> **YOUR GOAL**
Exact reproduction of every record is required, and pictures are to be excluded.

> **DATA LISTING**
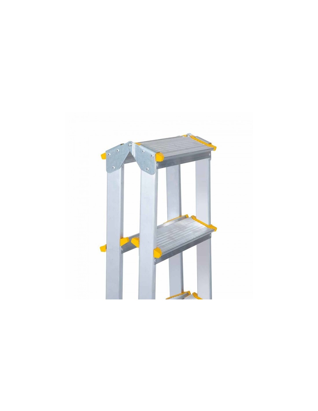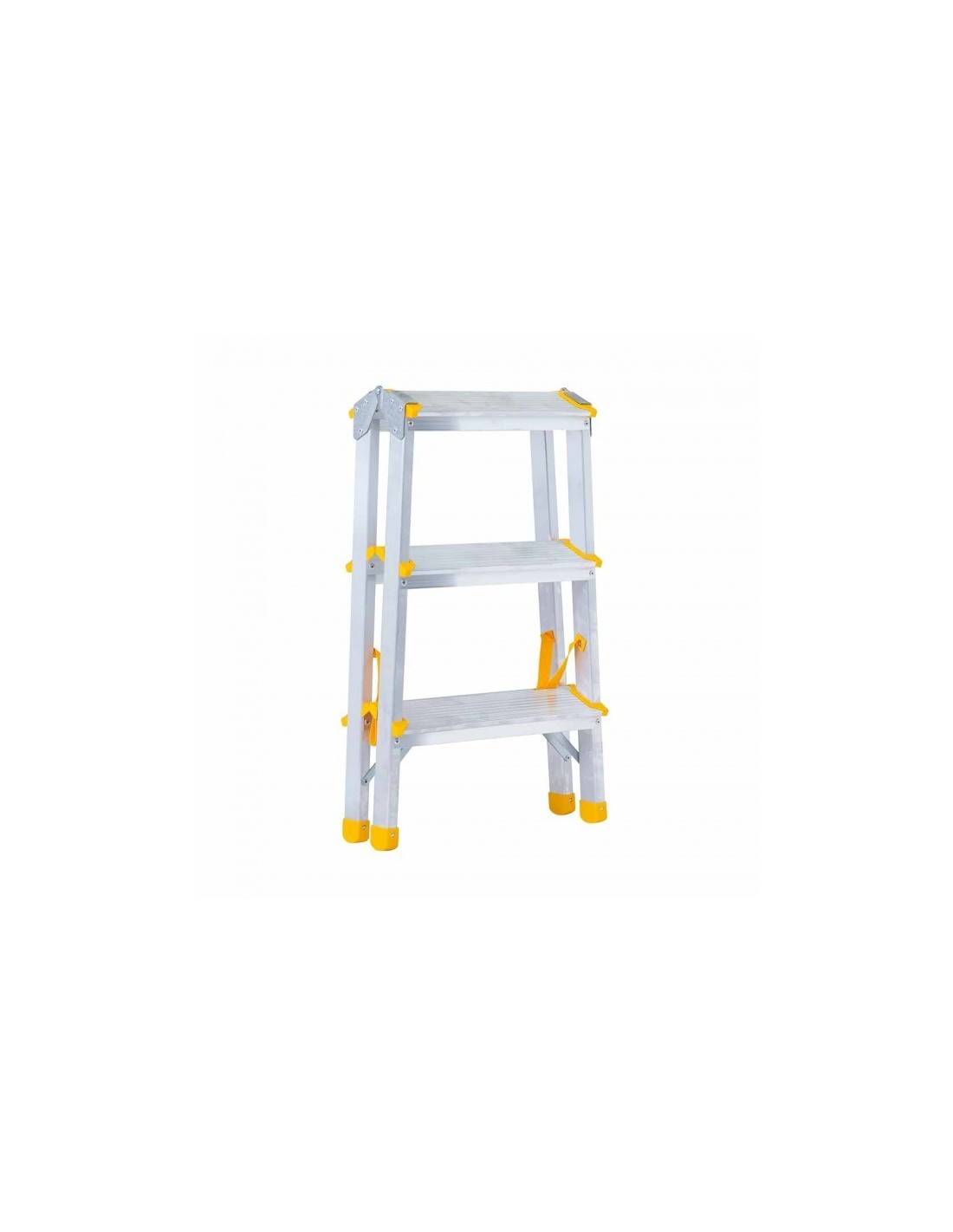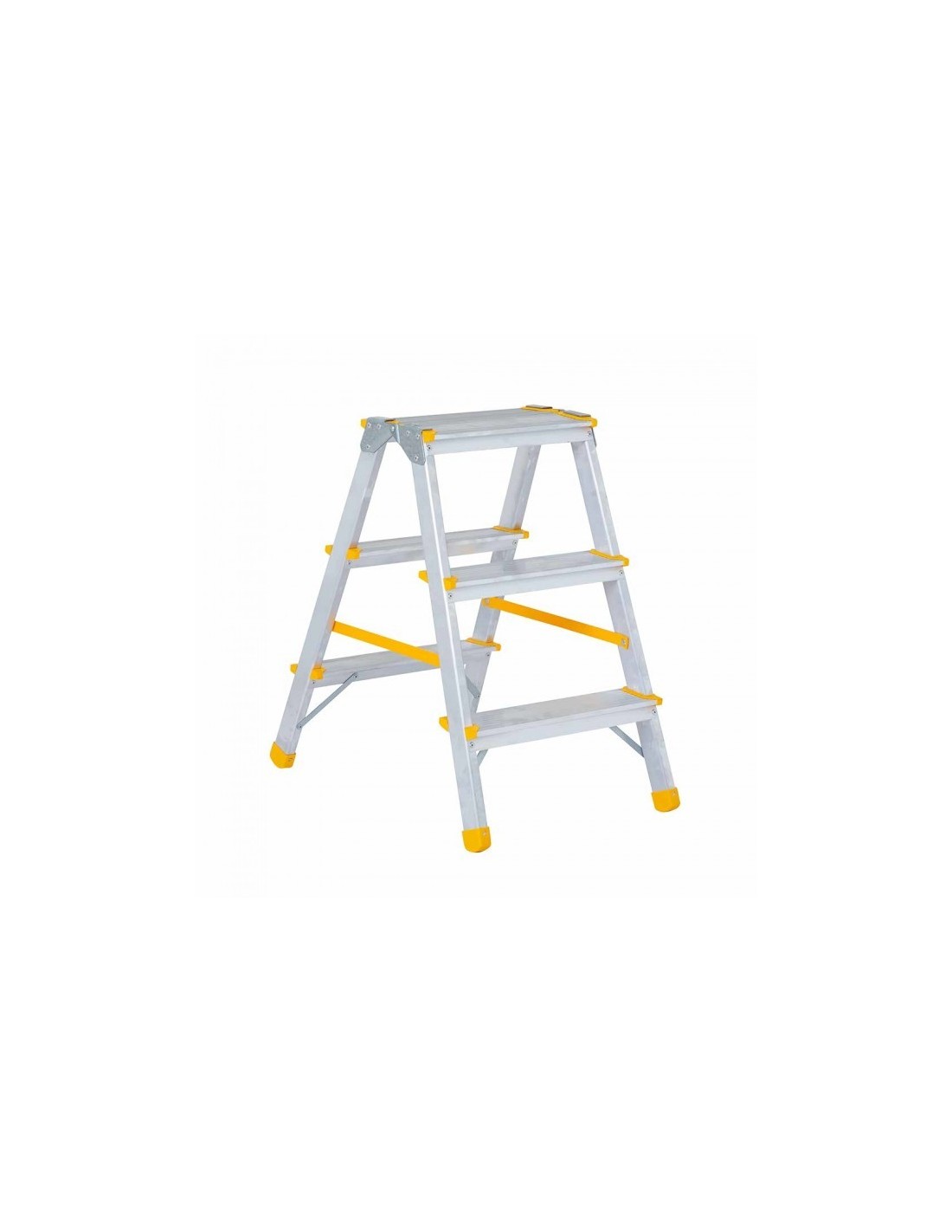 Escada doméstica dupla com degraus 2x3, com degraus antiderrapantes e fabricada em alumínio. Fácil de arrumar e a opção perfeita para pequenas tarefas domésticas que exigem um pouco mais de altura.
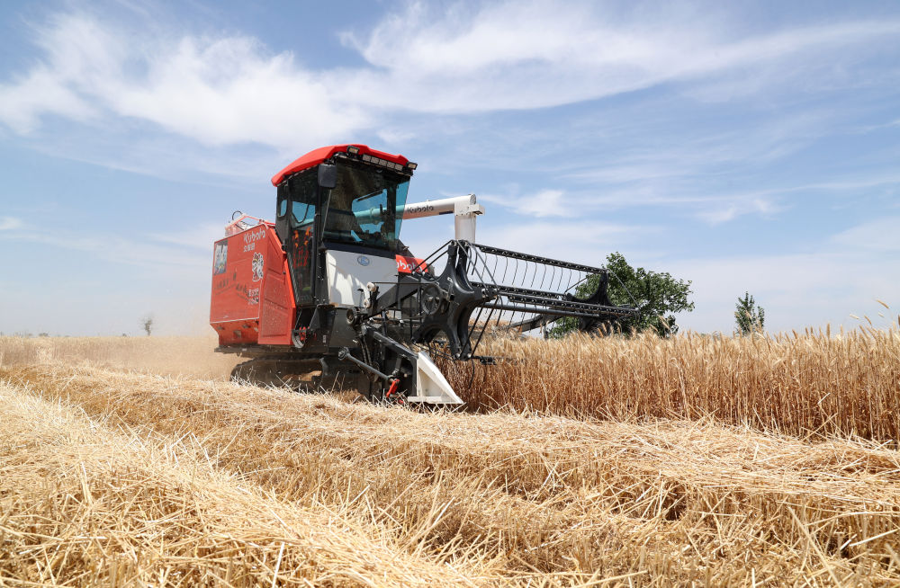 2024年5月27日,安徽省蒙城縣樂(lè)土鎮(zhèn)農(nóng)民駕駛農(nóng)機(jī)搶收小麥。新華社發(fā)(胡衛(wèi)國(guó)攝)
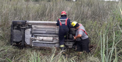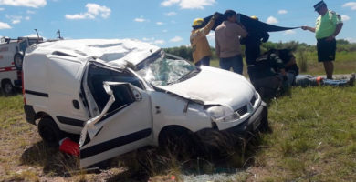 Volcó en la Ruta 14 y quedó atrapado en el vehículo
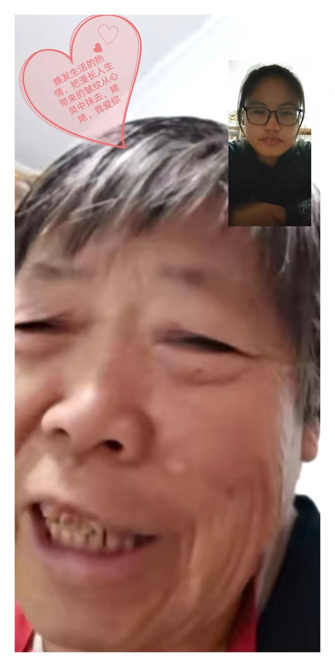 网络科技打破了时空局限,实现了跨地区的交流。通过微信与长辈线上视频聊天,向他们道一声问候。我们现在虽不能常常陪伴在他们身边,但我们可以通过一句语音,一段文字,寄托对他们的祝愿,给他们多一些关爱。
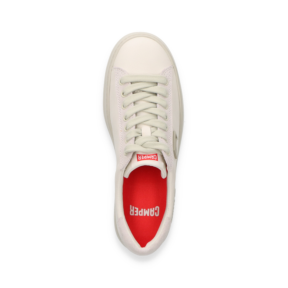 Der Camper RUNNER FOUR Sneaker für Damen präsentiert sich in einem eleganten Weiß, das zeitlose Eleganz und Vielseitigkeit ausstrahlt. Das Obermaterial aus hochwertigem Leder verleiht dem Schuh eine edle Optik, während die sorgfältig gestalteten Details, wie die dezente Logo-Applikation und die feine Nahtführung, den stilvollen Look unterstreichen. Die flache Silhouette und die klare Linienführung machen diesen Sneaker zu einem perfekten Begleiter für den Alltag und besondere Anlässe.
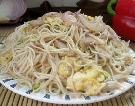 下少许油将面条炒上,倒上备好的肉丝.鸡蛋.洋葱.芽菜放入锅里,把调好的汤汁与面条拌匀反复翻炒至出锅
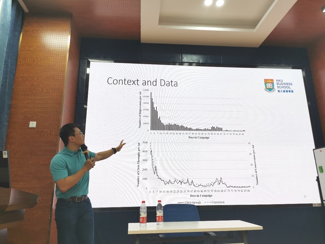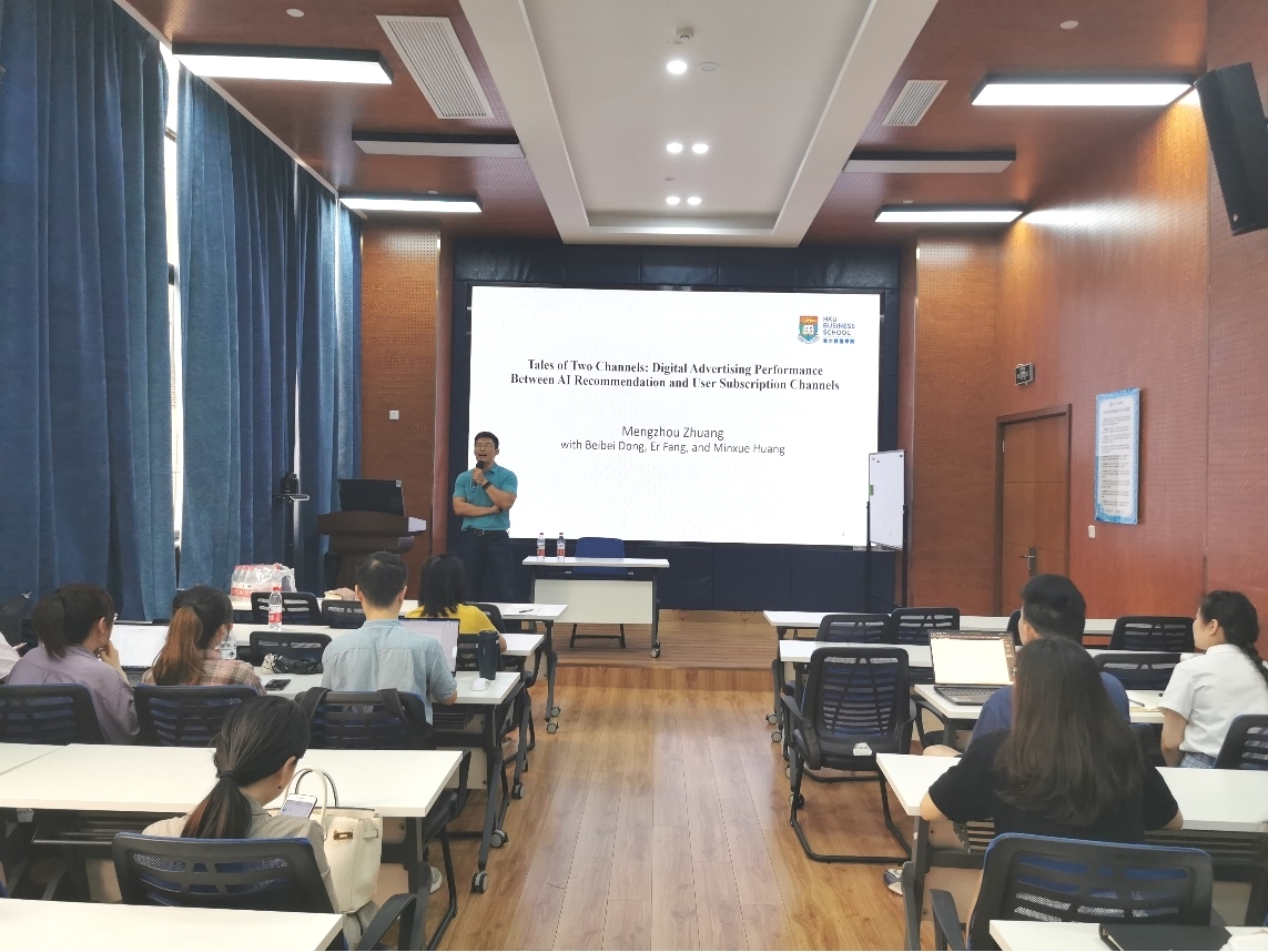 2023年6月25日下午,香港大学商公司助理教授庄梦舟博士应邀在公司0218室开展题为“Tales of Two Channels: Digital Advertising Performance Between AI Recommendation and User Subscription Channels”的学术讲座。讲座由公司市场学系黄缘缘副教授主持,公司部分教师和员工参与了此次学术活动。
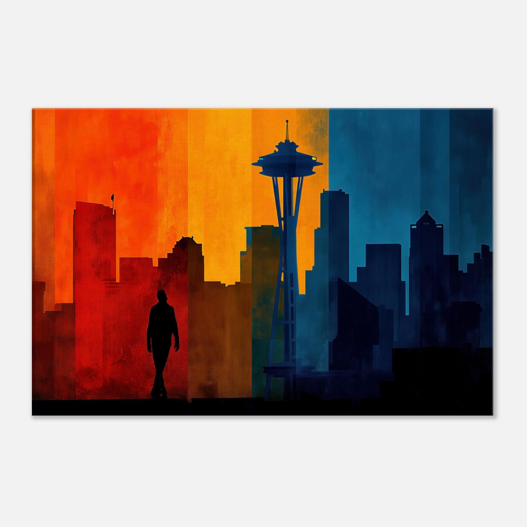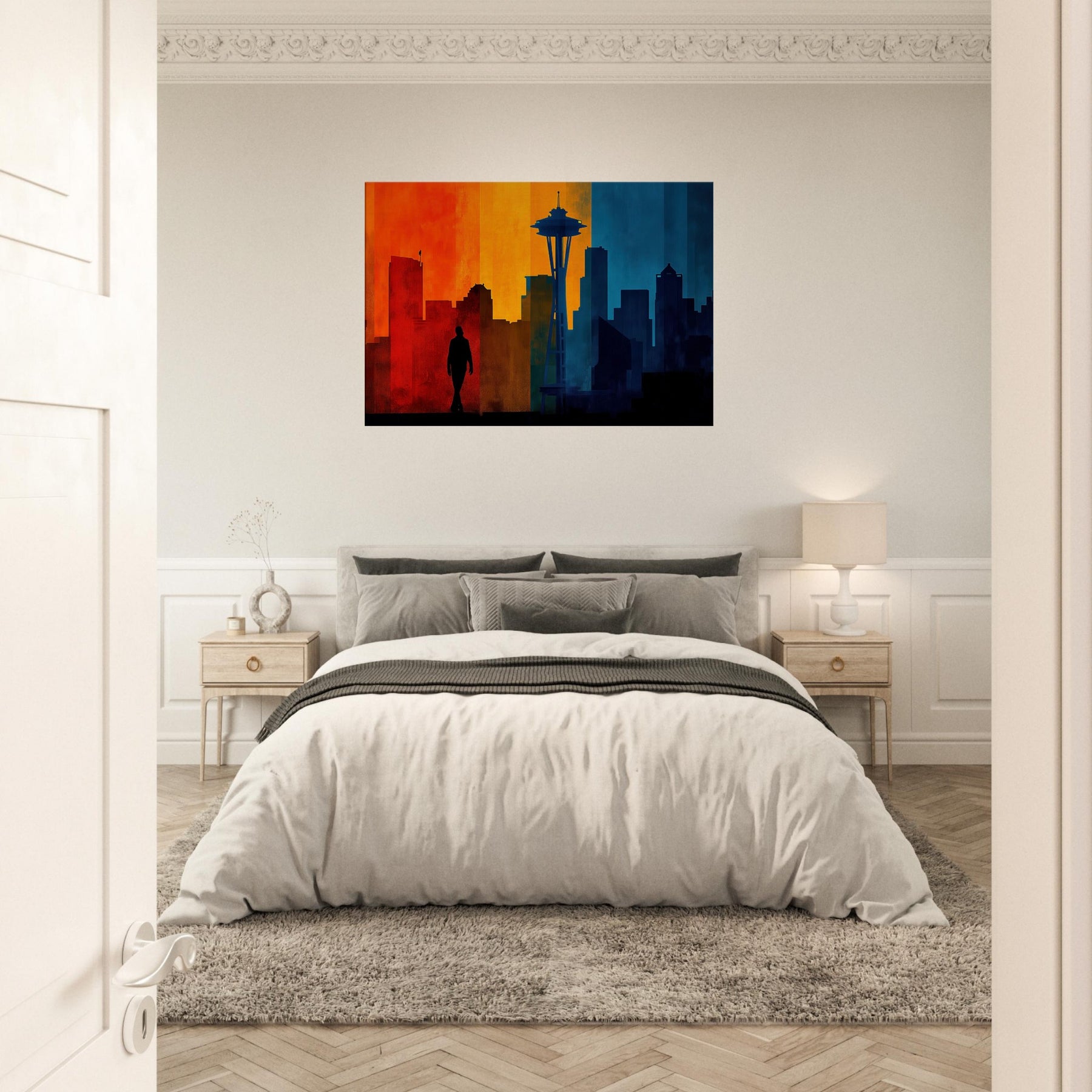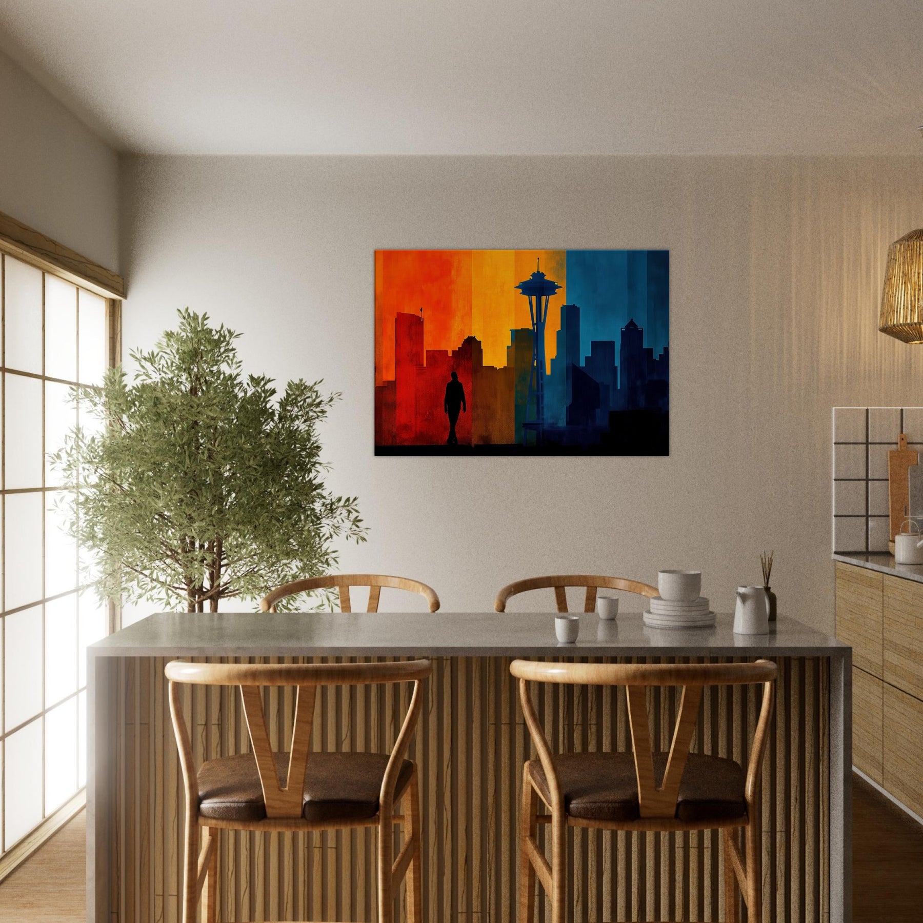 Seattle unfolds in a luminous, dreamlike cityscape where fire and frost meet. This abstract piece swallows the horizon in warm oranges and cool blues, guiding the eye toward the Space Needle’s sculpted silhouette. Printed on premium canvas with rich depth, it adds texture and atmosphere to any room, turning a living space into a quiet, cinematic moment perfect for slowing time, sparking conversation, and inviting urban wonder into your home.
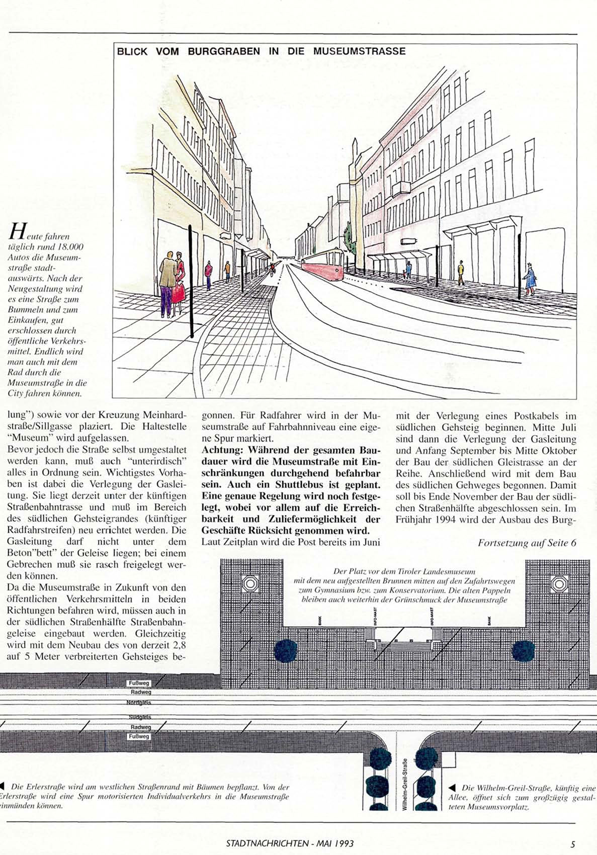 der südlichen Straßenhälfte Straßenbahngeleise eingebaut werden. Gleichzeitig

> **TASK RESULT**
 Escada doméstica dupla com degraus 2x3, com degraus antiderrapantes e fabricada em alumínio. Fácil de arrumar e a opção perfeita para pequenas tarefas domésticas que exigem um pouco mais de altura.
 2024年5月27日,安徽省蒙城縣樂(lè)土鎮(zhèn)農(nóng)民駕駛農(nóng)機(jī)搶收小麥。新華社發(fā)(胡衛(wèi)國(guó)攝)
 Volcó en la Ruta 14 y quedó atrapado en el vehículo
 网络科技打破了时空局限,实现了跨地区的交流。通过微信与长辈线上视频聊天,向他们道一声问候。我们现在虽不能常常陪伴在他们身边,但我们可以通过一句语音,一段文字,寄托对他们的祝愿,给他们多一些关爱。
 Der Camper RUNNER FOUR Sneaker für Damen präsentiert sich in einem eleganten Weiß, das zeitlose Eleganz und Vielseitigkeit ausstrahlt. Das Obermaterial aus hochwertigem Leder verleiht dem Schuh eine edle Optik, während die sorgfältig gestalteten Details, wie die dezente Logo-Applikation und die feine Nahtführung, den stilvollen Look unterstreichen. Die flache Silhouette und die klare Linienführung machen diesen Sneaker zu einem perfekten Begleiter für den Alltag und besondere Anlässe.
 下少许油将面条炒上,倒上备好的肉丝.鸡蛋.洋葱.芽菜放入锅里,把调好的汤汁与面条拌匀反复翻炒至出锅
 2023年6月25日下午,香港大学商公司助理教授庄梦舟博士应邀在公司0218室开展题为“Tales of Two Channels: Digital Advertising Performance Between AI Recommendation and User Subscription Channels”的学术讲座。讲座由公司市场学系黄缘缘副教授主持,公司部分教师和员工参与了此次学术活动。
 Seattle unfolds in a luminous, dreamlike cityscape where fire and frost meet. This abstract piece swallows the horizon in warm oranges and cool blues, guiding the eye toward the Space Needle’s sculpted silhouette. Printed on premium canvas with rich depth, it adds texture and atmosphere to any room, turning a living space into a quiet, cinematic moment perfect for slowing time, sparking conversation, and inviting urban wonder into your home.
 der südlichen Straßenhälfte Straßenbahngeleise eingebaut werden. Gleichzeitig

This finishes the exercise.